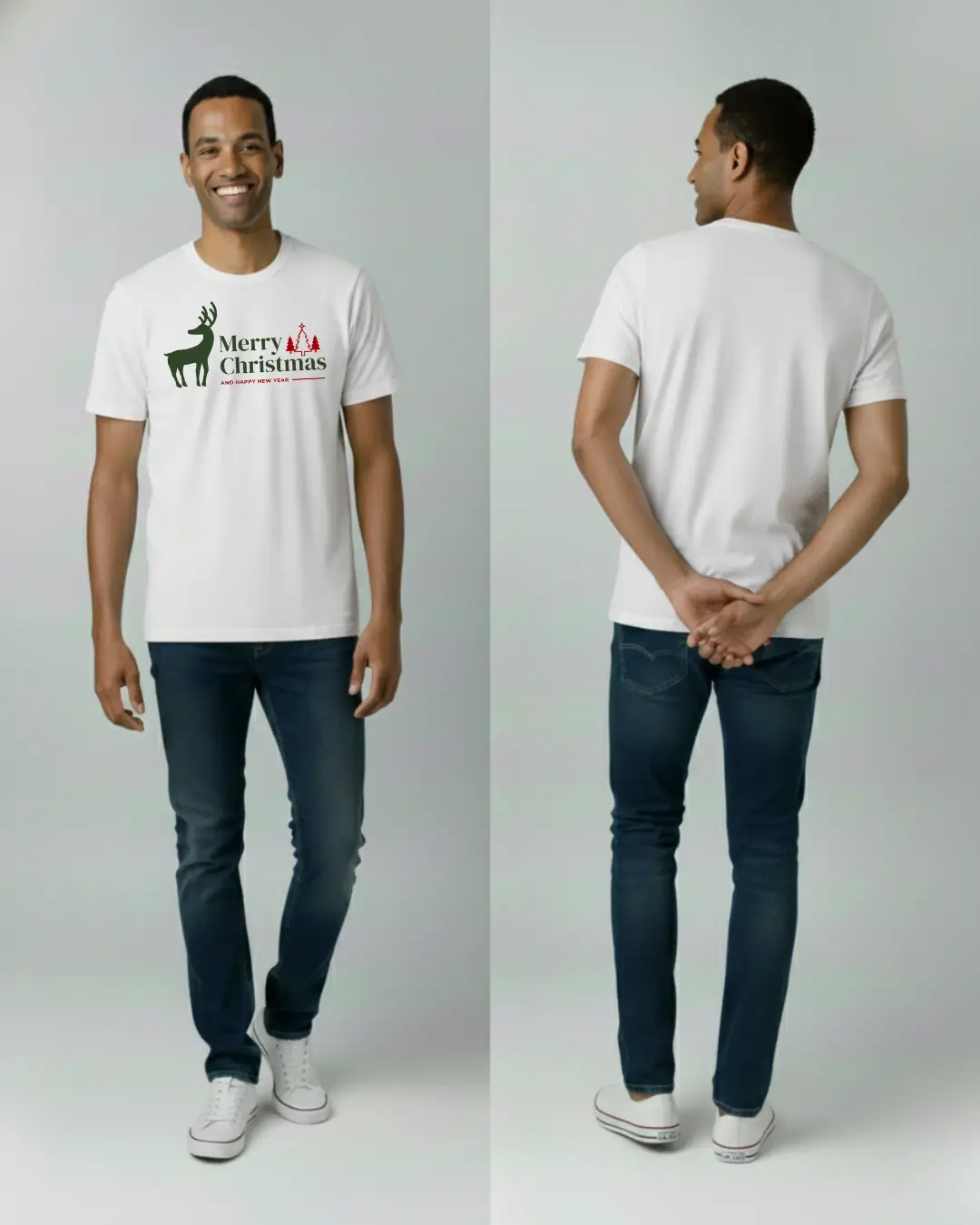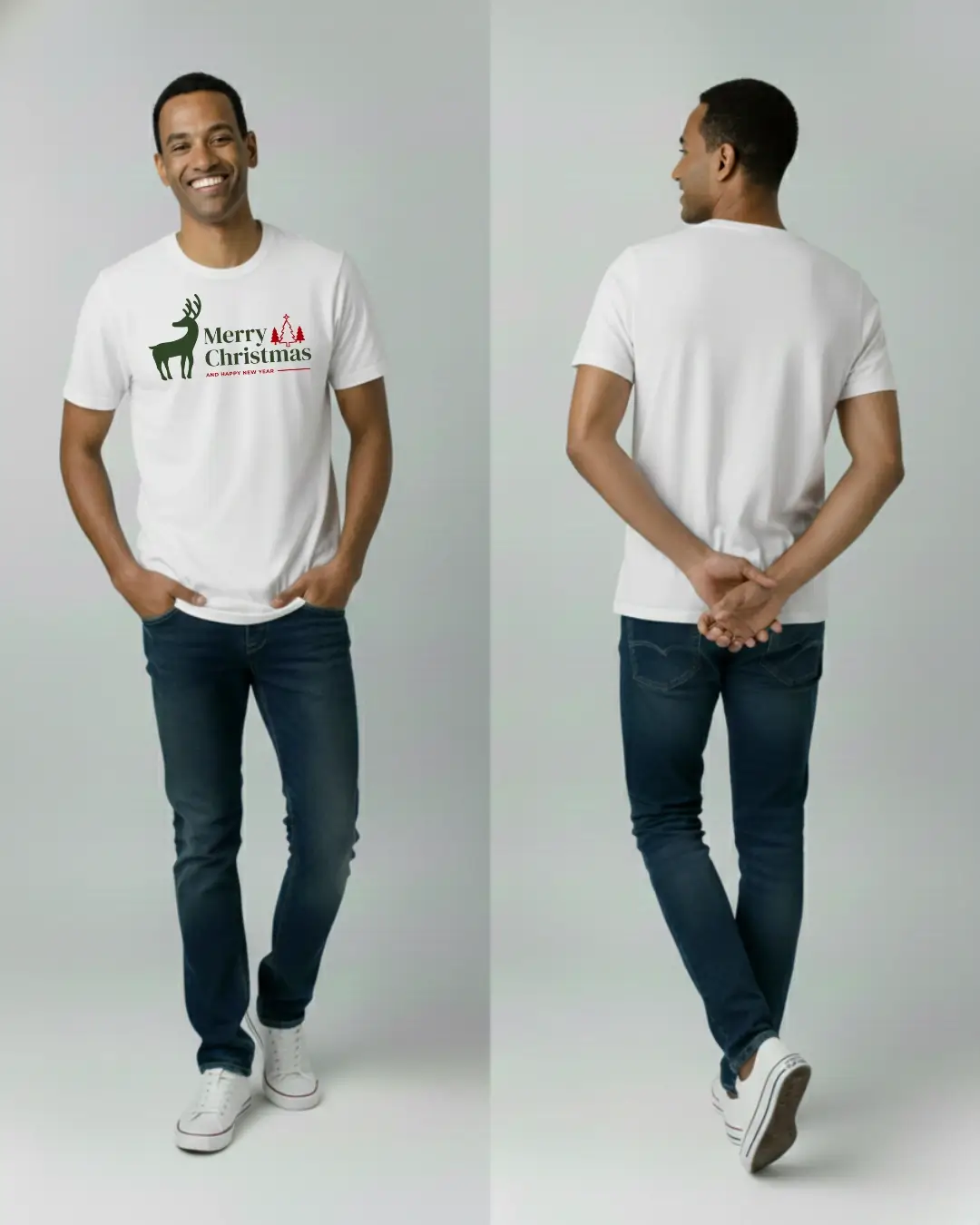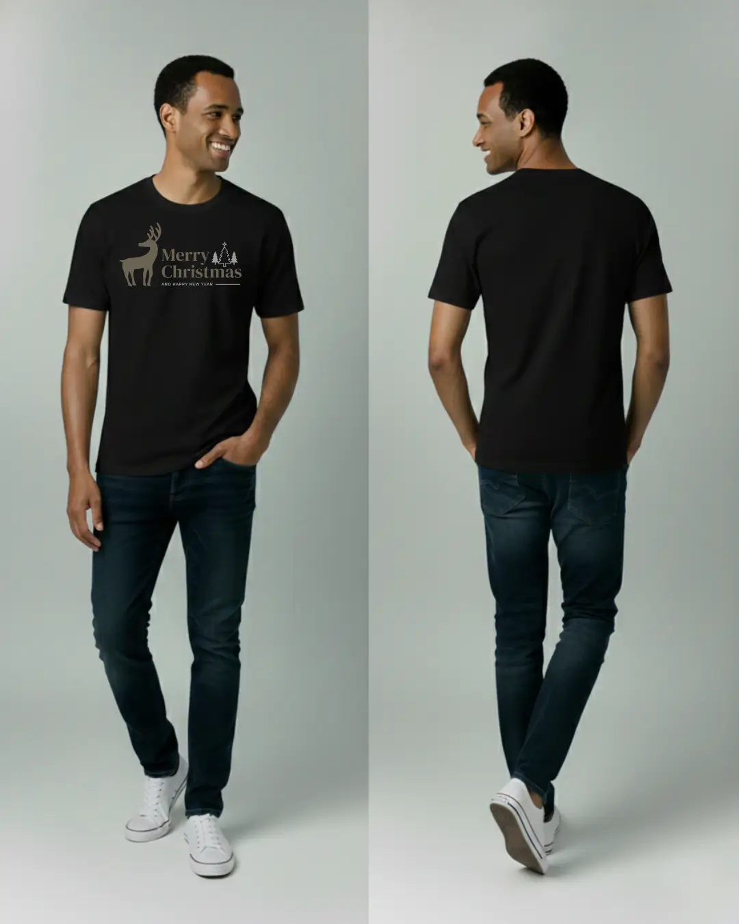 A clean and festive T-shirt featuring a reindeer silhouette alongside “Merry Christmas and Happy New Year” text with decorative tree graphics. This minimalist holiday design sits on the front chest area, offering a subtle seasonal statement. This Regular Fit tee is made in Sri Lanka to export-ready standards, crafted from a soft cotton blend that provides comfort for holiday gatherings and everyday casual wear.
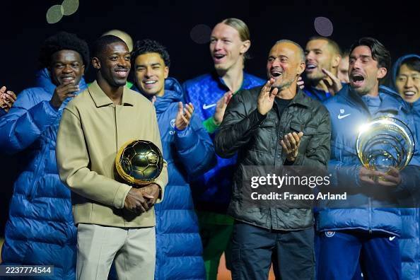 Ousmane Dembele celebrating the Balon d’or with his team and fans
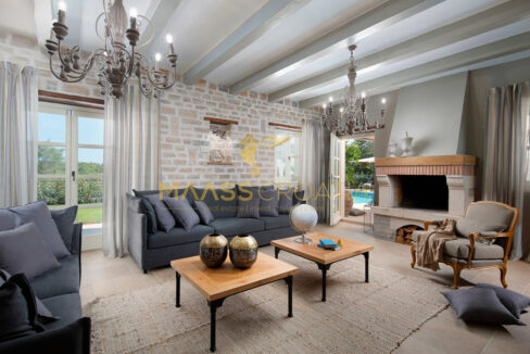 Im Erdgeschoss des Hauses befindet sich ein geräumiges Wohnzimmer mit Kamin und SAT-TV und Zugang zu einer großzügigen überdachten Terrasse mit Esstisch, Kamin zum Grillen und einem Loungebereich, eine große, voll ausgestattete Küche mit Essplatz Zimmer, ein Doppelschlafzimmer und ein Doppelbett, letztes WC und Ausgang zur Terrasse, separates WC im Wohnbereich und Dusche/WC auf der Terrasse.
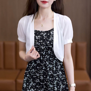 小坎肩吊带裙外搭百搭外披罩衫 小披肩黑色显瘦短袖 气质薄款 夏季
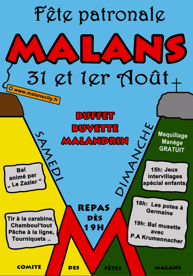 A Malans tout est un peu différent, ce petit village d’un peu plus de 150 habitants a su créer une fête de renom qui attire les foules depuis plus de trente ans. Les anciens ont su apporter beaucoup de convivialité à cette fête et aujourd’hui c’est toujours dans cette ambiance de joyeux fêtards que petits et grands font perdurer cette fête.
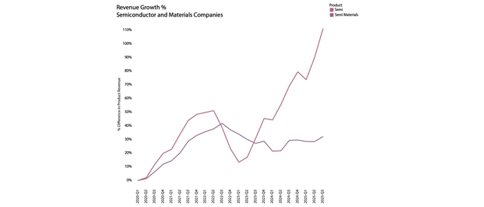 La révolution de l’IA a brisé le cycle traditionnel des semi-conducteurs, et rien n’indique un retour rapide aux « bonnes vieilles habitudes ». La croissance des revenus globaux est principalement tirée par l’IA et n’apporte que peu de bénéfices à la chaîne d’approvisionnement. Les entreprises de la supply chain des semi-conducteurs restent encore environ 10 % en dessous de leur pic de revenus, tandis que les revenus globaux du secteur ont progressé de 37 % sur la même période.
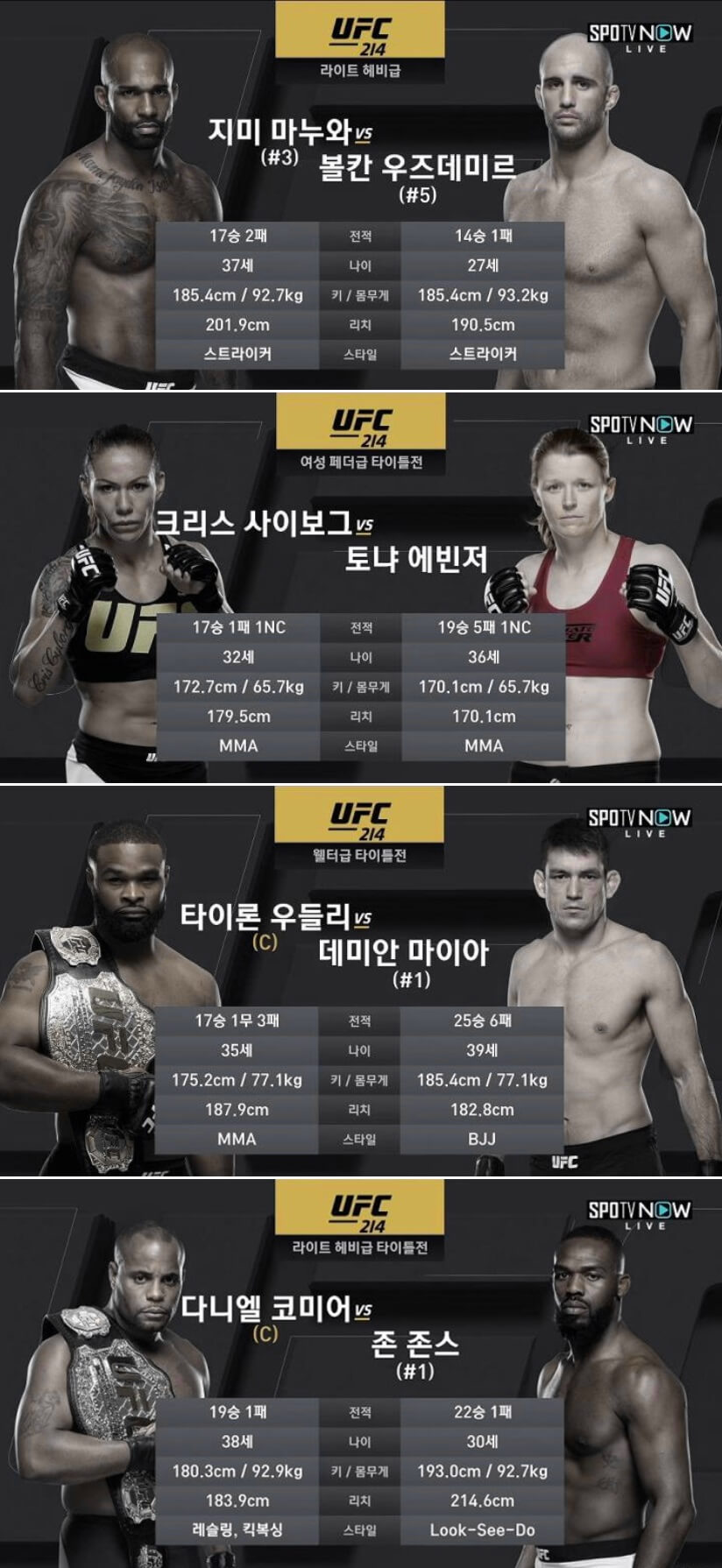 UFC 214 메인카드 존스 vs 코미어외 전경기모음 170730 [국내방송]

YOUR TASK: Return exactly the lines above, from the one with "小坎肩吊带裙外搭百搭外披罩衫 小披肩黑色显瘦短袖 气质薄款 夏季" up to and including the one with "A Malans tout", and include no pictures.

THE ANSWER:
 小坎肩吊带裙外搭百搭外披罩衫 小披肩黑色显瘦短袖 气质薄款 夏季
 A Malans tout est un peu différent, ce petit village d’un peu plus de 150 habitants a su créer une fête de renom qui attire les foules depuis plus de trente ans. Les anciens ont su apporter beaucoup de convivialité à cette fête et aujourd’hui c’est toujours dans cette ambiance de joyeux fêtards que petits et grands font perdurer cette fête.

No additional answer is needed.